Question

In: Accounting

On December 30, 2018, XYZ Ltd. purchased inventory, valued at $22,000, for a special “going out...

On December 30, 2018, XYZ Ltd. purchased inventory, valued at $22,000, for a special “going out of business sale” for $16,000 cash. The accountant recorded the inventory for $22,000 and the $6,000 difference as a gain on the 2018 income statement.

  1. What is the financial accounting issue? State as an issue statement/question as done in class.
  2. What are the implications/impact of the issue to the financial statements?
  3. What is your recommendation for the financial accounting issue?
  4.     Why did you recommend this?

- Support your answer using GAAP conceptual framework principles and

- APPLYING to the XYZ’s situation.

Solutions

Expert Solution

The treatment done by the accountant is incorrect.

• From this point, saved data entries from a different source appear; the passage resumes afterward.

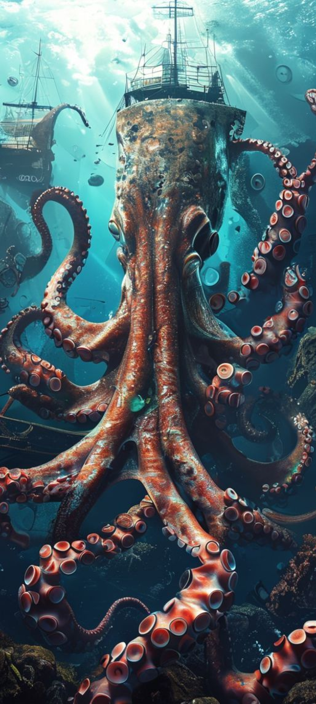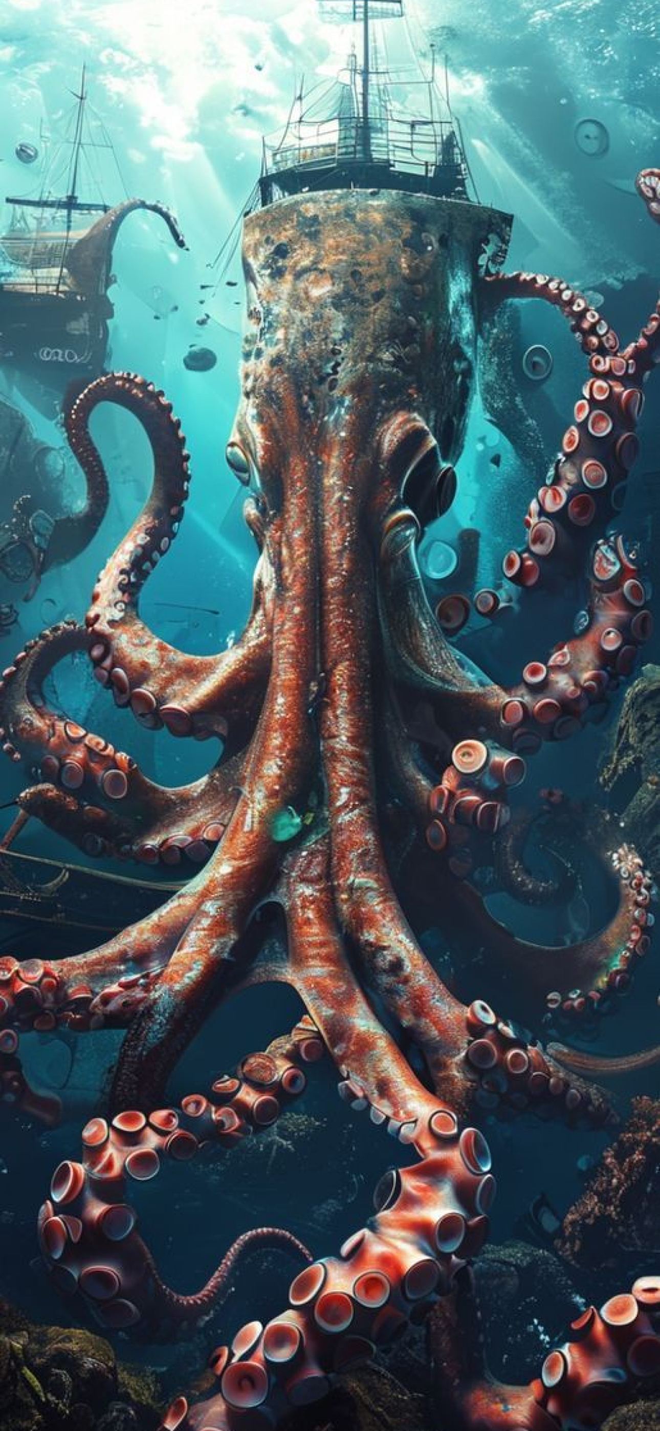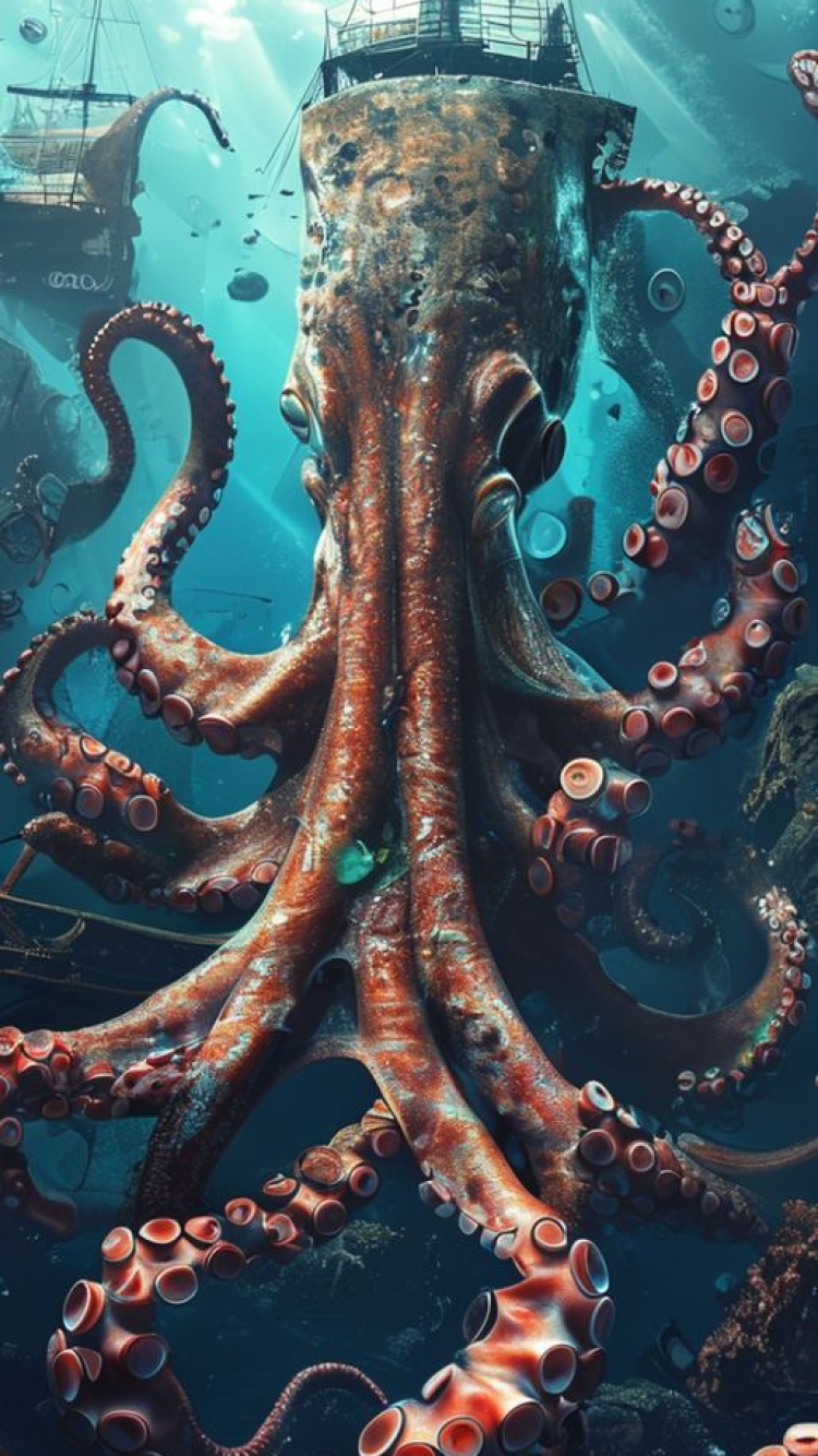 Giant Octopus Shipwreck Deep Ocean Digital art Wallpaper
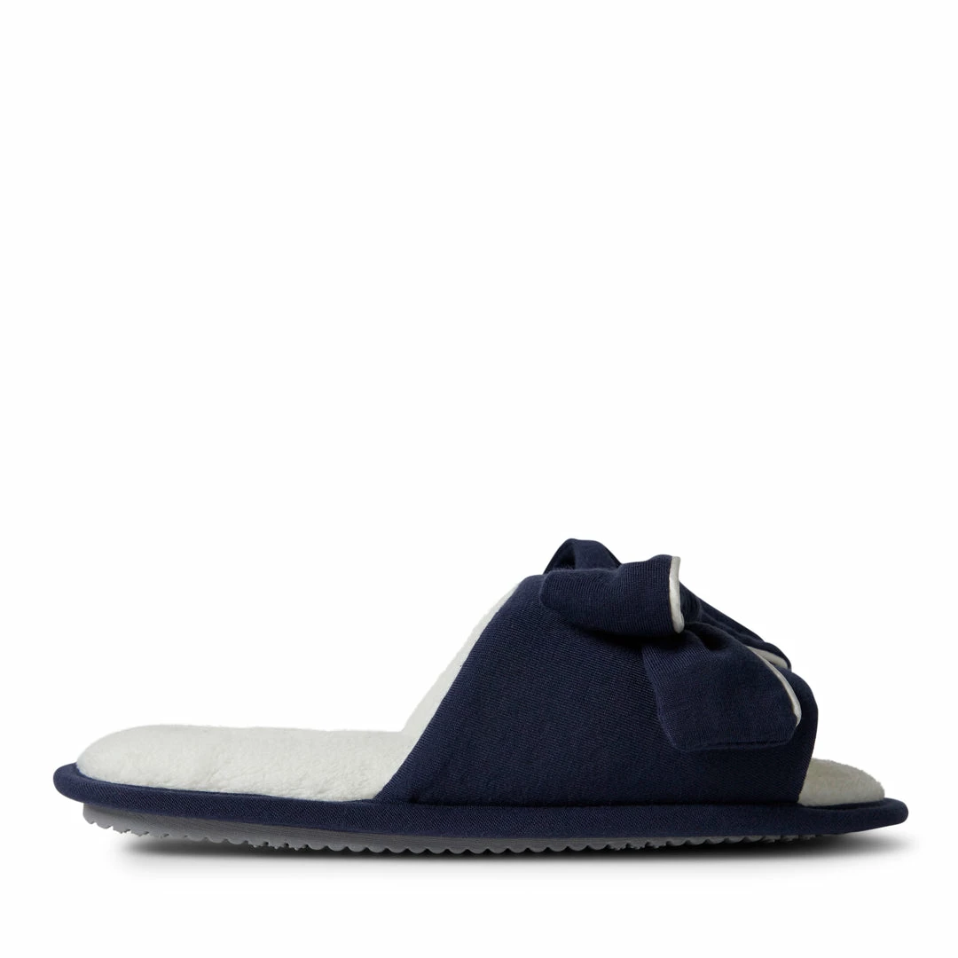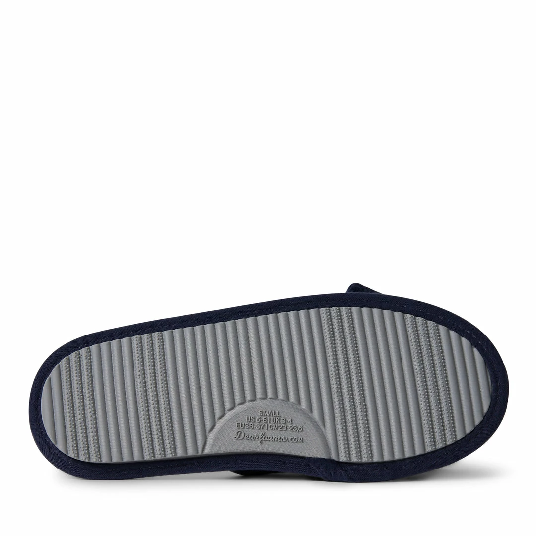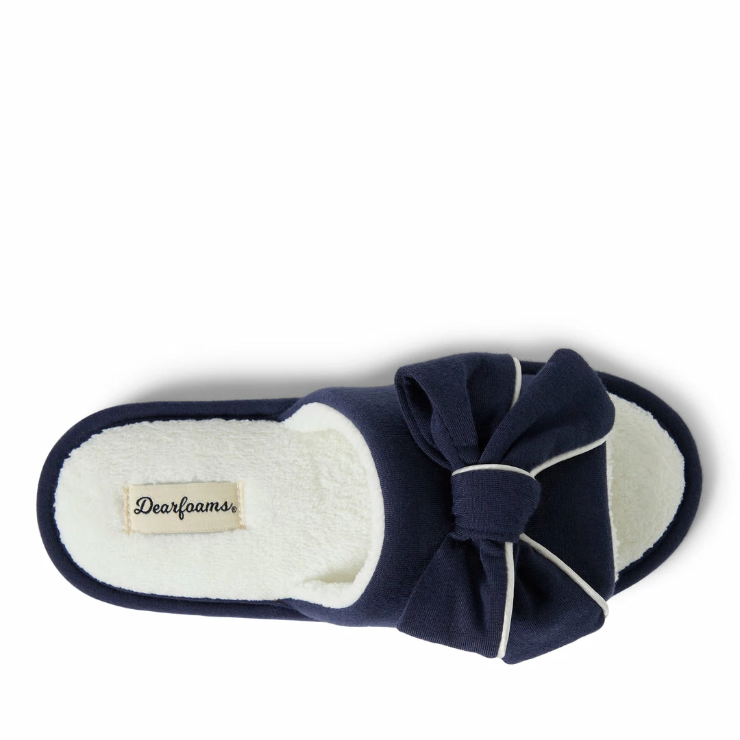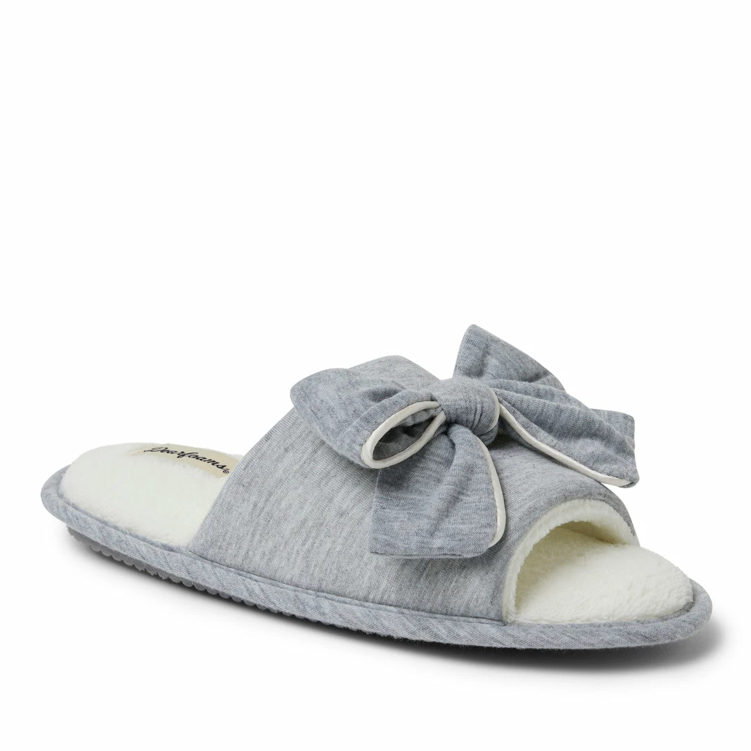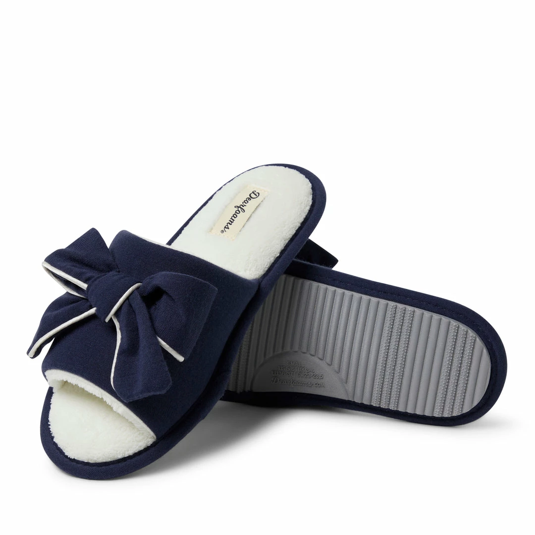 SLIDE-ON DESIGN – Dearfoams Womenβs Lydia Pajama Knit Slide with a bow are perfect to slide on when you are looking for some extra comfort for your well-deserving feet. These everyday slippers will be your new favorite.
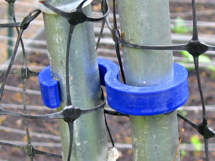 We have plastic deer fencing around our small vegetable garden, attached to posts made of 1" steel conduit. I designed this S-shape latch to hold the "gate" post next to the "fence" post. The latch is flexible enough to let one post slip out when we want to open the gate.
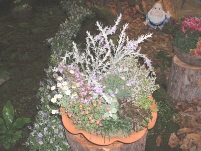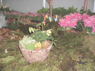 2002年3月16日に、 家から歩いていくことができる場所で『早春花のフェスティバル』があるというので行ってみることにしました。よびこ堂sanが作られた「楽しい夢の世界 メルヘン・ガーデン」。もうすぐ春が近づいてくるこの季節、とてもメルヘンな世界に出会って春のベランダガーデニングのアイデアになったらいいなぁと思いました。色の組み合わせ、寄せ植えの時のお花の組み合わせ、こけやガーデンチップの使い方、立体的なガーデニングづくりにこれからの参考にしたいと思います。
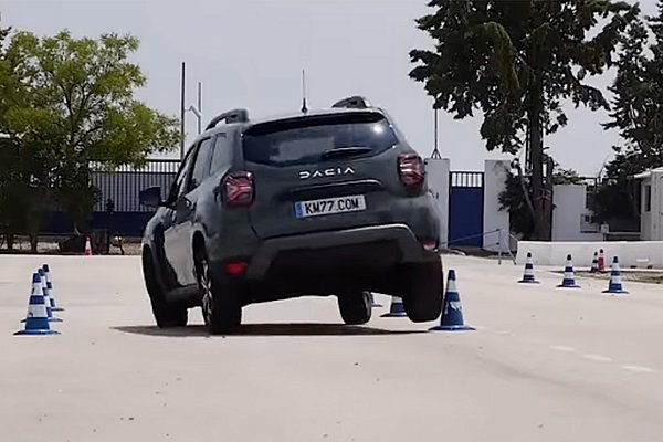 Το Dacia Duster περνά από το τεστ αποφυγής και δυσκολεύεται, με αποτέλεσμα να μην εντυπωσιάζει.
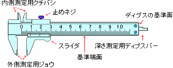 ノギスは、定規と幅を測る道具(バス)を一体にしたもので、副尺を利用することにより内側、外側、深さ、段差を1/20mmの精度で測定できる。
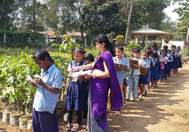 Various initiatives are undertaken throughout the year like exposure visits to agriculture farms and medicinal gardens, planting ornamental and medicinal gardens in schools, movie screenings, and environment based competitions and more. We also celebrate various days like World Forestry Day, World Water Day, World Environment Day, and World Ozone Day with students and the community every year.
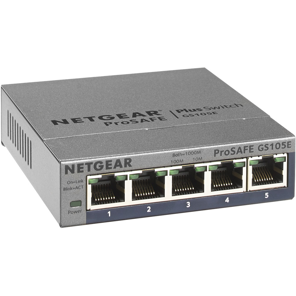 GS105E ギガ5ポート アンマネージプラス・スイッチ。日本語GUIに対応。VLAN機能、QoS、ポートミラーリング、ケーブルテスト機能をサポート。RoHS、WEEE対応など、環境保護に配慮した製品です。IPアドレスも設定できるのでPingによる死活監視も可能です。
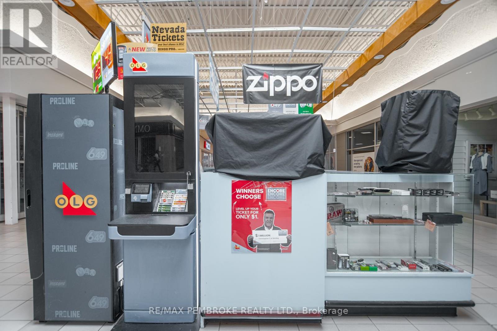 Are you ready to take the reins of your own successful business? Look no further! This well-established kiosk in the east end Pembroke Mall offers an exceptional opportunity for aspiring entrepreneurs. Situated in a prime high-traffic location right next to the food court and a popular drugstore, this kiosk has built a loyal customer base and boasts a thriving revenue stream. The business has become a local favourite for lottery enthusiasts revolving around high volume lottery and Nevada ticket sales. With two cigar humidors, stocked with a wide variety of premium cigars, it is the go to place in the area for cigar aficionados. Smoking accessories, key cutting, and a variety of gadgets add to the income stream. The current owner is committed to ensuring a smooth transition and is willing to provide training for the new owner. This means you can hit the ground running without the steep learning curve. A quick closing is possible, but is subject to the buyer being approved by the Alcohol and Gaming Commission. Don't miss your chance to own this lucrative retail kiosk in a prime location. (id:28469)
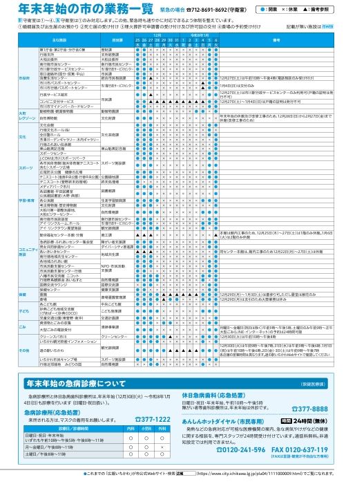 関連リンク:年末年始の市の業務一覧/市川市
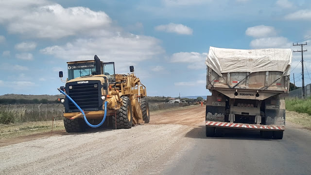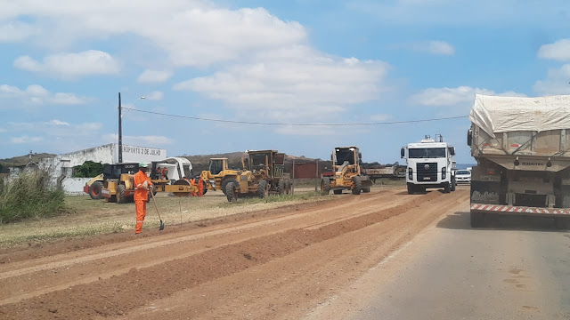 A Avenida Raimundo Cedraz, no trecho entre o Parque de Exposições e o bairro Mutirão, em Jacobina, passa por obras de pavimentação e o fluxo de veículos segue em apenas uma faixa na maior parte do dia, enquanto homens e máquinas trabalham.
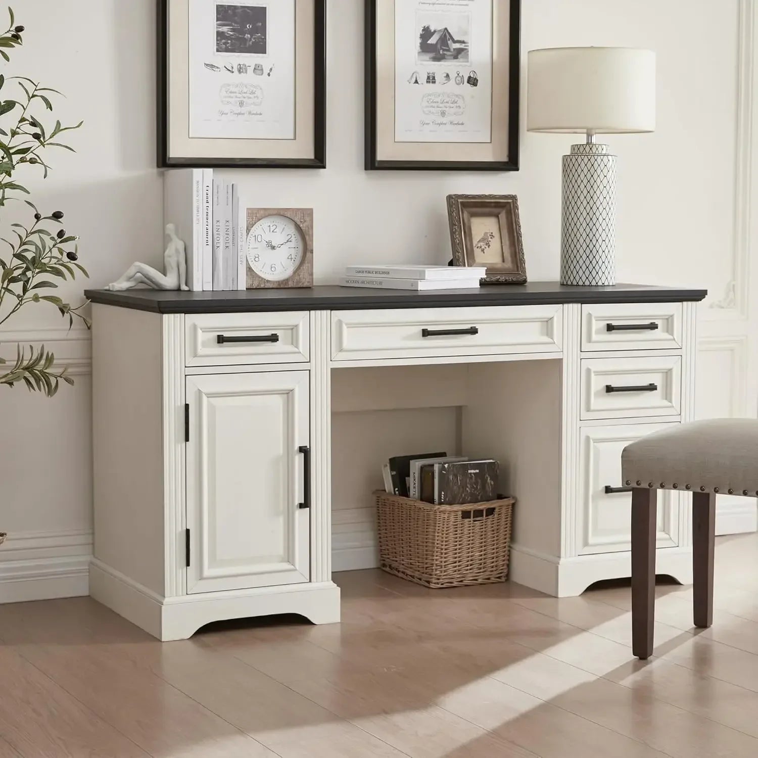 Customizable Executive Desk Farmhouse Computer with Drawers and Cabinet

Goods should be recorded at the cost incurred by the buyer and at its market price.

Further at the end of accounting year inventory should be valued at its cost or net realizable value which ever is lower.

Ans to a- The financial accounting issue here is the incorrect recording of inventories in books. Both inventory and profit is inflated and this is not correct as per GAAP.

Ans to b- The financial implication of this error is: Inventory and profit both are inflated by $6,000. Inventory is overvalued by $6000 which will impact the current ratio of the company and will not provide the correct picture to stake holders.

Ans to c- My recommendation is to book inventory at its cost that is $ 16,000 and remove the notional gain of $6,000 from books.

Ans to d- My recommendation is as per the guidelines of GAAP. Generally accepted accounting principles (GAAP) require that all type of inventory are to be stated and valued using either the cost or the market value method — whichever is lower.